*** Opening Given information ***

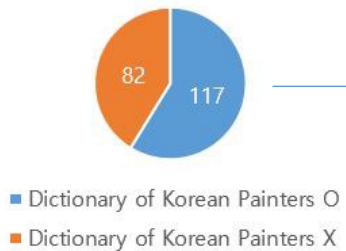
199 Korean Artist in ULAN (2023. 1.)

77 Korean artists selected for supplementation
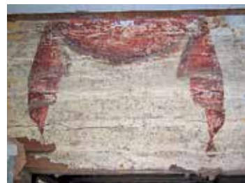
Päiväkotikäytön ajaksi sisäseinien ja lattiaan asetettujen lastulevyjen alla olivat säilyneet alkuperäiset koristekuvioiset puulattiat ja seinämaalaukset, jotka saatiin ennallistavan peruskorjauksen myötä kunnostettua.
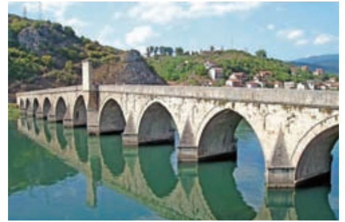
Most Mehmed Paše Sokolovića (zgrajen 1577) v Višegradu, velika stvaritev osmanske arhitekture in glavni junak Andrićevega romana Mosta na Drini (1945)

*** Closing Given information ***

▶ **Activity**
Could the data above be returned in full, exactly, with every image left out?

▶ **Result for this exercise**
199 Korean Artist in ULAN (2023. 1.)

77 Korean artists selected for supplementation
Päiväkotikäytön ajaksi sisäseinien ja lattiaan asetettujen lastulevyjen alla olivat säilyneet alkuperäiset koristekuvioiset puulattiat ja seinämaalaukset, jotka saatiin ennallistavan peruskorjauksen myötä kunnostettua.
Most Mehmed Paše Sokolovića (zgrajen 1577) v Višegradu, velika stvaritev osmanske arhitekture in glavni junak Andrićevega romana Mosta na Drini (1945)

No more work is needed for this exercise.